What I really mean by education

Remember those hypotheticals that your seventh grade school teacher asked you when she didn't have a teaching plan: "If there was one thing you could change about Pakistan, what would it be?" The twelve-year-old me's answer was invariably education: "I'd want all 170 million people of our country to be educated." Today, I would answer more specifically: "I'd want all 170 million people of our country to be able to read, write and think for themselves."

The Garage School (TGS) is an NGO that is working to make the twelve-year-old me's wish come true. TGS runs two primary schools in DHA, Karachi – one literally out of a garage – and provides free education to young boys and girls from the low-income Neelum and Shah Rasool Colonies.
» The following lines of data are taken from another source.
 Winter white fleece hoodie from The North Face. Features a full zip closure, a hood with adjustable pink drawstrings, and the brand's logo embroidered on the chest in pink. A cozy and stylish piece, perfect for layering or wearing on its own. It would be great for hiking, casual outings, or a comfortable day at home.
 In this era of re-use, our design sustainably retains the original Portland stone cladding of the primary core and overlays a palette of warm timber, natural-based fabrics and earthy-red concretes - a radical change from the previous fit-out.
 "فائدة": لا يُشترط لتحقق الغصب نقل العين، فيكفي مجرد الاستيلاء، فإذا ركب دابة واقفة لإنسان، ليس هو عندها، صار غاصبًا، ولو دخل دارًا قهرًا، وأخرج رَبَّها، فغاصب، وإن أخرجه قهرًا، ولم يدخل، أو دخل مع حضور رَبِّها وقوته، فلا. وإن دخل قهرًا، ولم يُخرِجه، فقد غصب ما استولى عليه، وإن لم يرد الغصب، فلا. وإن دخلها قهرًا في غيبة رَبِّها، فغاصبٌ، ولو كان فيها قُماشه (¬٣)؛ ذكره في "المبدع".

Excellent, excellent work, the twelve-year-old me would say, but after visiting TGS the 22-year-old me was only dismayed at the kind of education TGS is imparting to its students.
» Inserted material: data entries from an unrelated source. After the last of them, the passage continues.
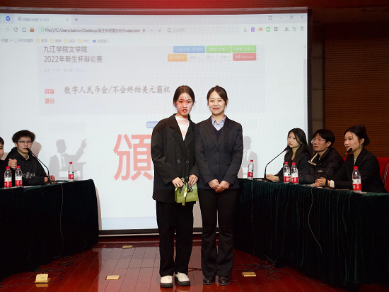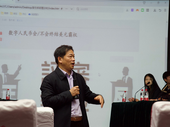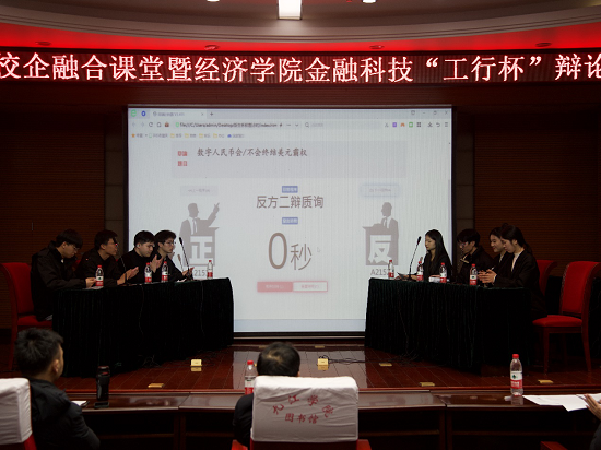 为进一步拓展推进校企合作育人渠道,12月1日下午,金融学教研室在逸夫图书馆报告厅举办首届金融科技校企融合课堂暨“工行杯”辩论赛金融工程专业A2151和A2152两个班员工代表分别作为正反方,以“数字人民币会不会终结美元霸权”为辩题展开辩论。金融学教研室部分老师、院团委和工商银行九江市十里支行实务专家参加活动,并担任辩论赛评委,此次活动得到工商银行九江市十里支行的赞助支持。
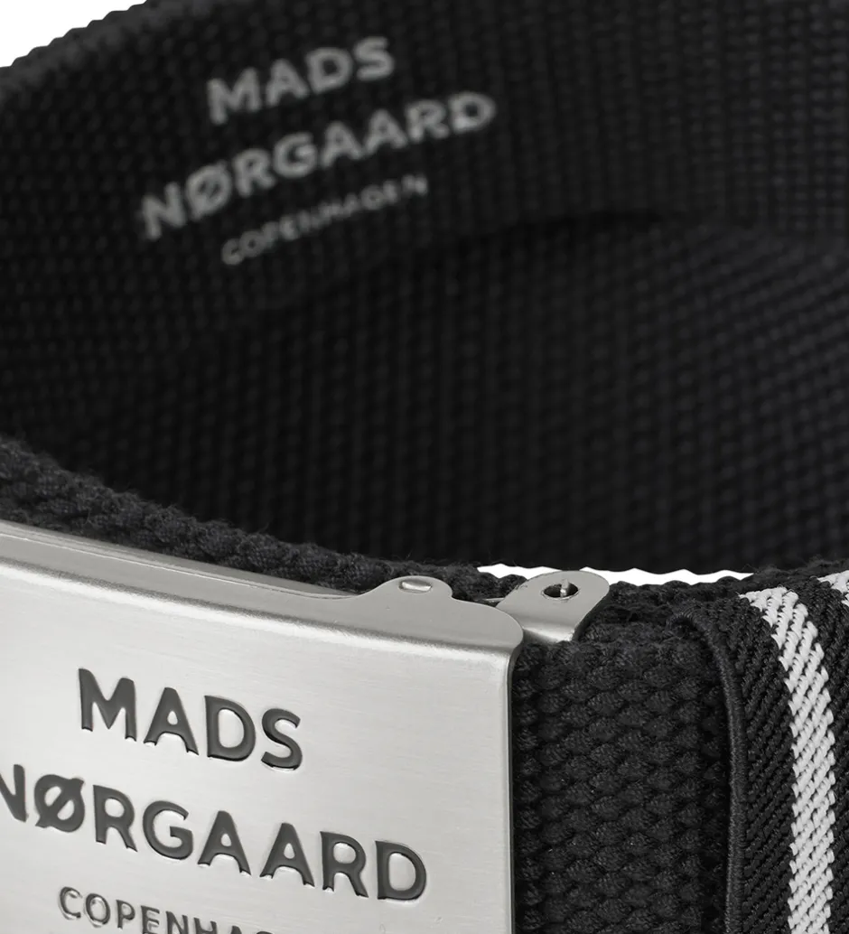 Sejt Mads Nørgaard bælte i sort med en hvid og sort stribet rem. Bæltespændet er i metal med et sort logo.
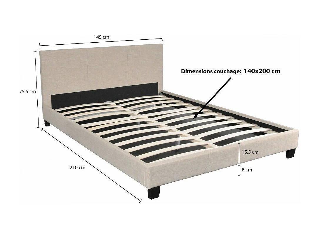 Lit 2 places 140x200cm Tissu Beige avec sommier DUSIN
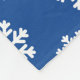 Galleta de hombre de pan de jengibre sobre un fondo de patrón de copos de nieve azul blanco.
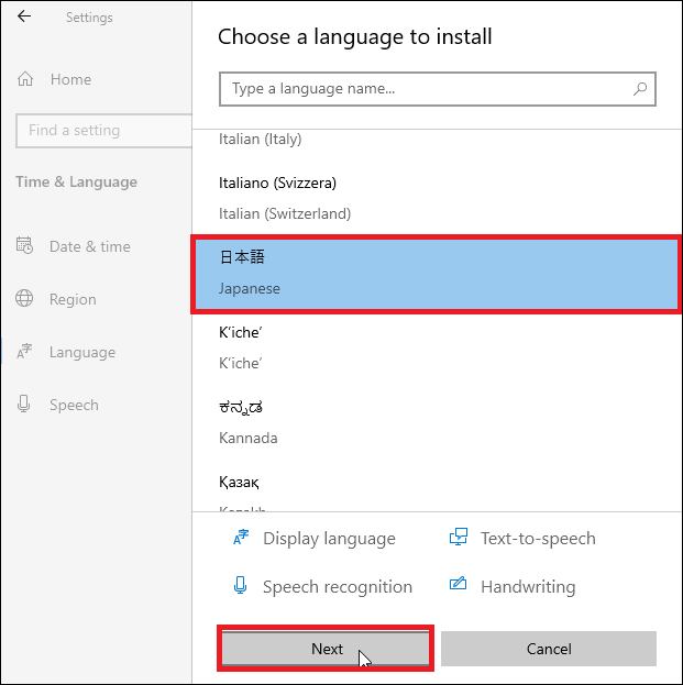 [Choose a language to install]画面で、リストから日本語を選択し、[Next]をクリックします。

The emphasis of the school is entirely on discipline and rote learning. To impress me, a teacher asked the brightest student in her class to tell us what he knew about Pakistan. What followed was a verbatim recital of a passage from some textbook on Pakistan. In a breathless monologue, the boy quoted, "As a Pakistani, it is our duty to worship God, respect our parents and love our countrymen. Pakistan is a great nation that was formed in 1947. It has four provinces. The first province is Punjab. Its capital is Lahore..." So on and so forth. Later, the entire class parroted, with some assistance from the science teacher, slogans against smoking cigarettes and chewing paan. The children were basically being mass-programmed to follow the values that the school thought appropriate.

I know, this happens here at the best private schools too. Schools like to produce obedient and disciplined students, who have just enough brainpower to regurgitate all the axioms they want to feed them but not enough to think independently or question anything, least of all the schools and their axioms.

But that isn't the kind of students that schools should be producing. It won't give us a population that can innovate and revolutionize or engage in rational debate, tolerate a diversity of opinions and adapt quickly to change. It will simply produce people who can read and write and at most hold a low level white collar job. Students deserve more than that; and we as a country need more than that. Much, much more.